I cringed. Dr. Whiteside wasn’t asking, she was telling me. I sensed the session was drawing to a close. But I wasn’t done.

“Pinky and the Brain’s incessant efforts at world domination invariably fail, yet I admire Brain’s adamancy in answering Pinky’s same question at the end of every episode, ‘What are we gonna do tomorrow night, Brain?’

‘The same thing we do every night, Pinky — try to take over the world.’

“Yosemite Sam always had something or other setting his pants afire; Wile E. Coyote, with those ACME mail-order rocket powered roller skates strapped to his paws, always managed to speed off the edge of a mesa to disappear into the desert floor below in a mushroom cloud of dust. But in the next scene they were always back — Sam’s biscuits might be burnin’ but his stones never scorched; Wile always walked off the accordion effect of those sudden stops after falls from great heights. They always came back, ready to eat bear, although it was always the bear that ate them.” I paused a moment, glanced at the clock on Dr. Whiteside’s desk. “I was a lot like Sam and Wile E. in my youth — always bouncing back in the face of adversity.”

“Bouncing back has gotten a lot tougher for you?”

I nodded. “Trying to keep up with technology and stay ahead of the kids who are coming out of college smarter and more resilient than I. Eventually I won’t be able to keep up in a world that’s changing faster and faster and becoming smaller and smaller.” I looked down at my hands, flat on my thighs and wondered whether my arms were really getting shorter or had micro technology merely gone insane.

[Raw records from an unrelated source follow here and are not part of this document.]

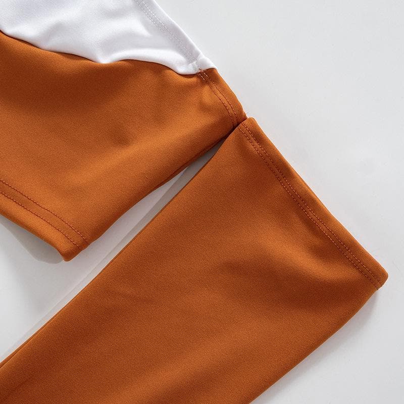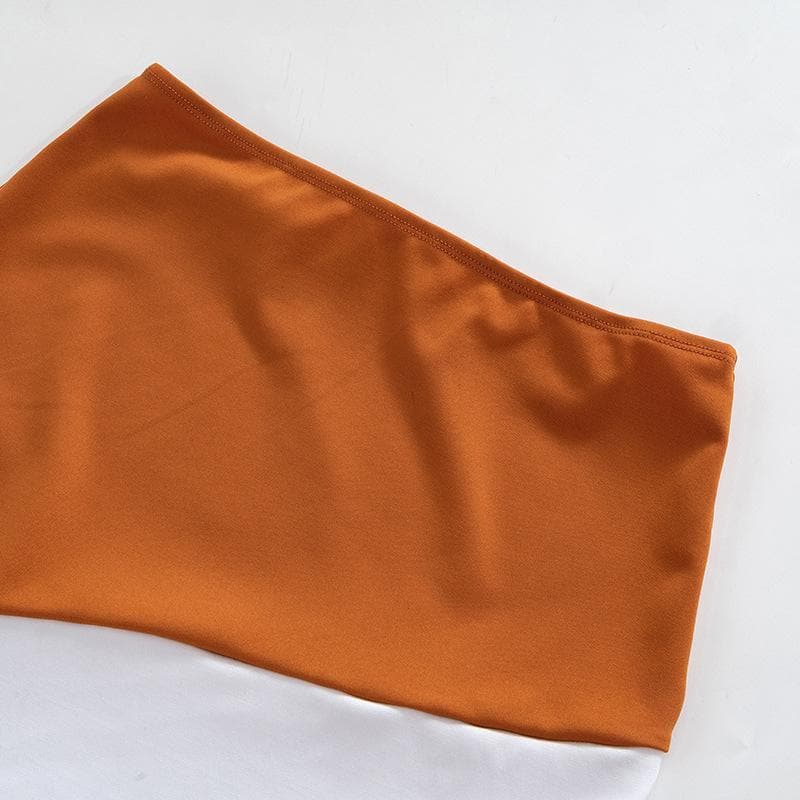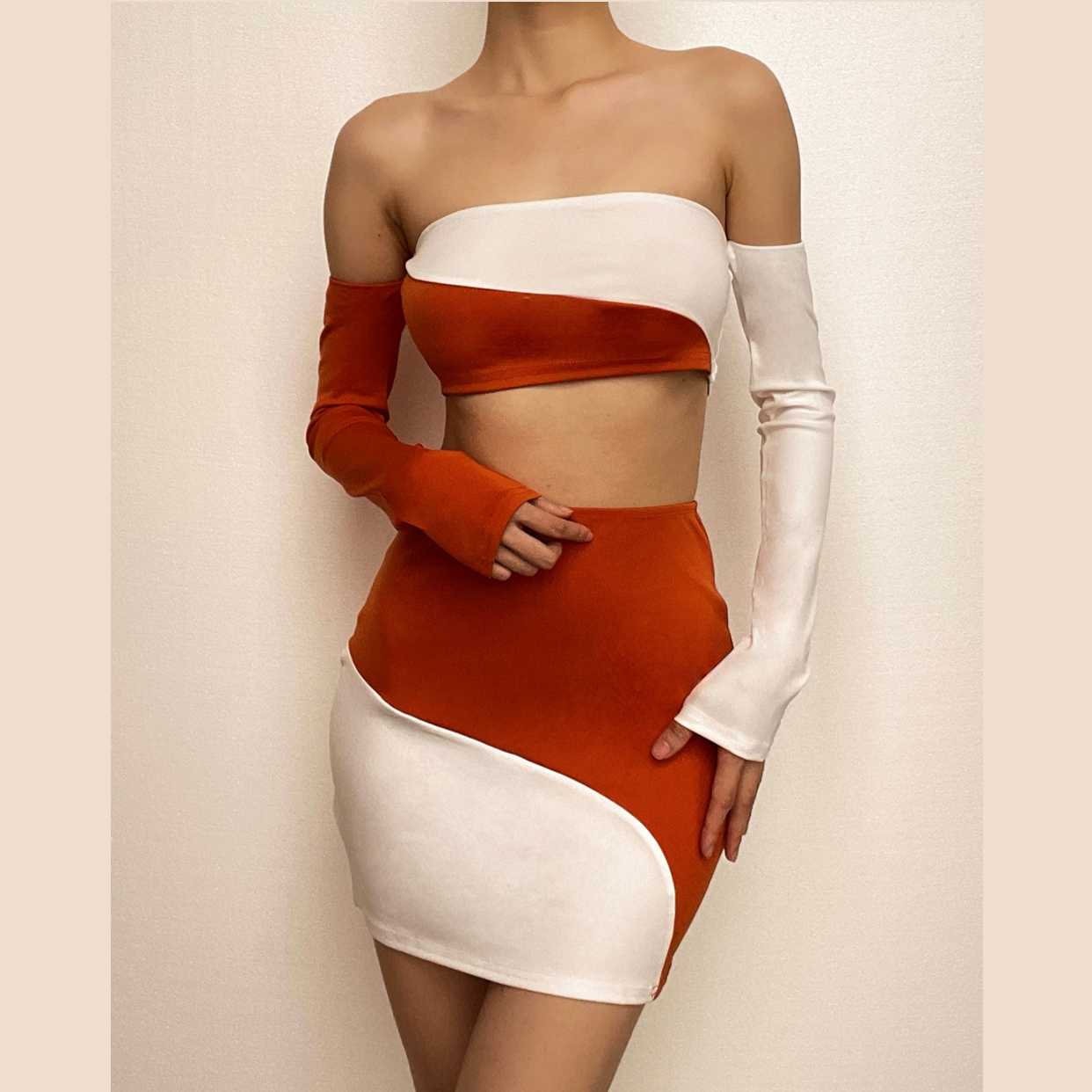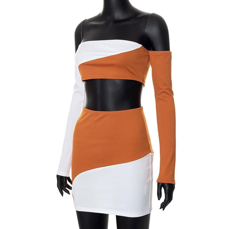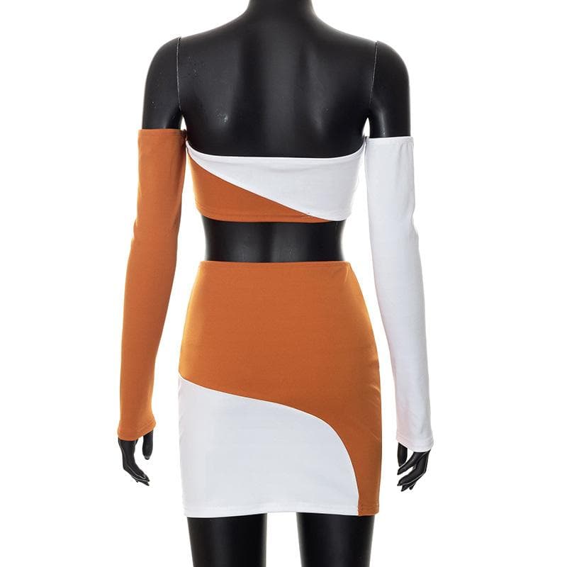 Contrast patchwork off shoulder long sleeve backless mini skirt set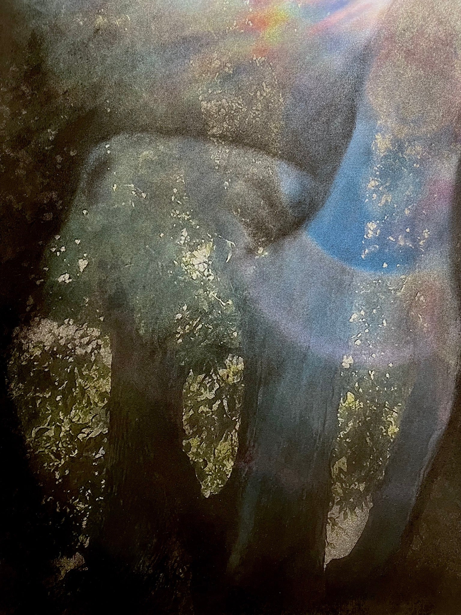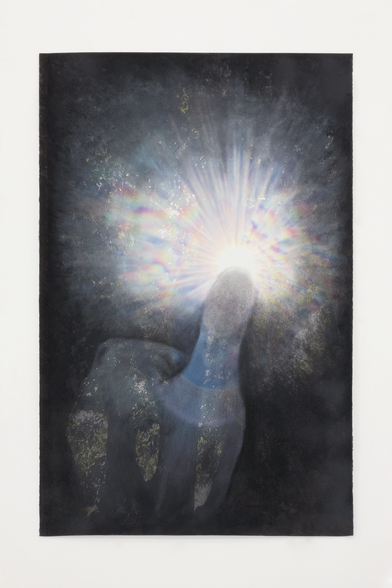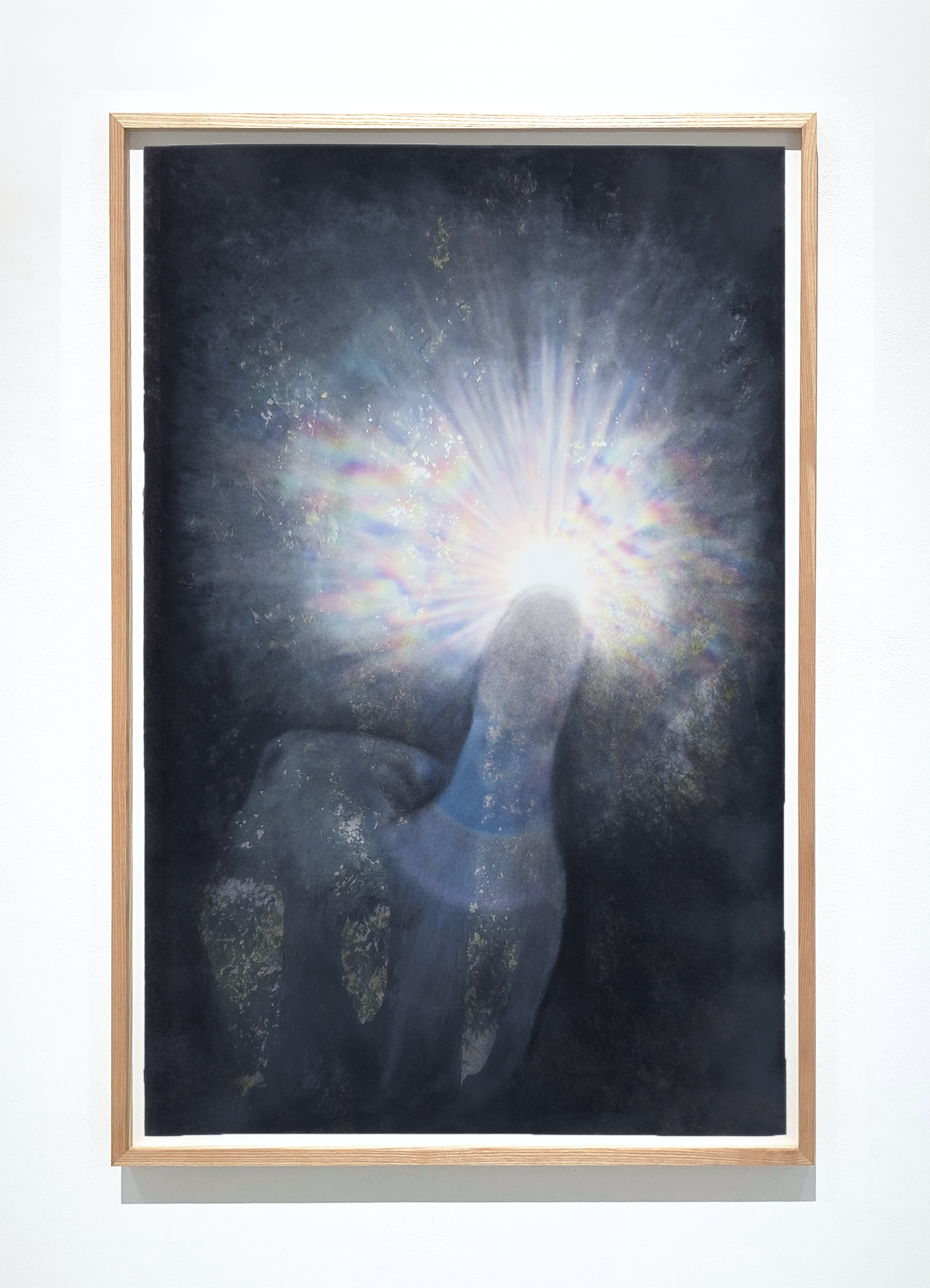 長年にわたり、他者の身体に触れて感じ取ったエネルギーを形として表現してきた池上。本作を含むノマルとのコラボレーション「Prayer」シリーズでは、ガネーシャ、シーサー、日本刀、仏像といった、個人の感覚を超えて精神の深層を象徴するモチーフを中心に据え、手や指を使って自身のアウラを塗り込めるように、木炭や胡粉によるドローイングを展開しています。
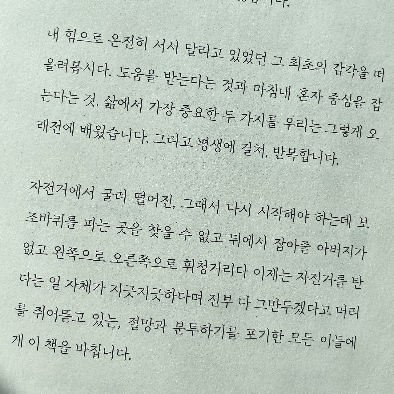 한참 전에, 그것도 아마 사전 예약 구매로 산 책인데 지금에서 읽는 이유는 이제야 읽고 싶다는 생각이 들어서다. 이 책을 샀을 때는 그렇게 죽을 듯이 우울하지는 않았지만 살고 싶어지는 것 역시 싫었다. 뭔가를 좋아하면 항상 힘들어지니까. 삶도 사랑하고 싶지 않았다. 그렇게 살고 싶어 하기 싫었다. 당장 죽을 건 아니었지만 그렇다고 죽어도 별 상관없는 딱 그 정도가 편했다. 어떤 것에도 미련 가지지 않고 둥둥 떠있는 어느 애매한 지점에서 매일매일 할 일을 그저 충실히 해내면서 지내고 싶었다. 무슨 대단한 희망을 꿈꾸지도, 행복을 바라지도 않으면서.

Not that it mattered: I still needed reading glasses. I shook my head. “I know I won’t be able to keep up. I watched it happen to my dad, and I think it’s going to happen to me a lot sooner than it did to him. Not that he was any smarter than me, but life during his time moved at a much more leisurely pace. The snowball of my life is picking up momentum.”

Dr. Whiteside glanced at her watch.

“Brain’s schemes inevitably fall short,” I said. “Sam never bags Bugs, and Wile never snares the Roadrunner.”

“Yet they never stop trying,” she offered, as if that were some sort of consolation.

“I envy them that.”

“We have to stop for today,” Dr. Whiteside said, and I was reminded yet again that life’s problems, mine at least, couldn’t be solved within a finite number of minutes. Yeah. Life would be so much easier if I were a cartoon character.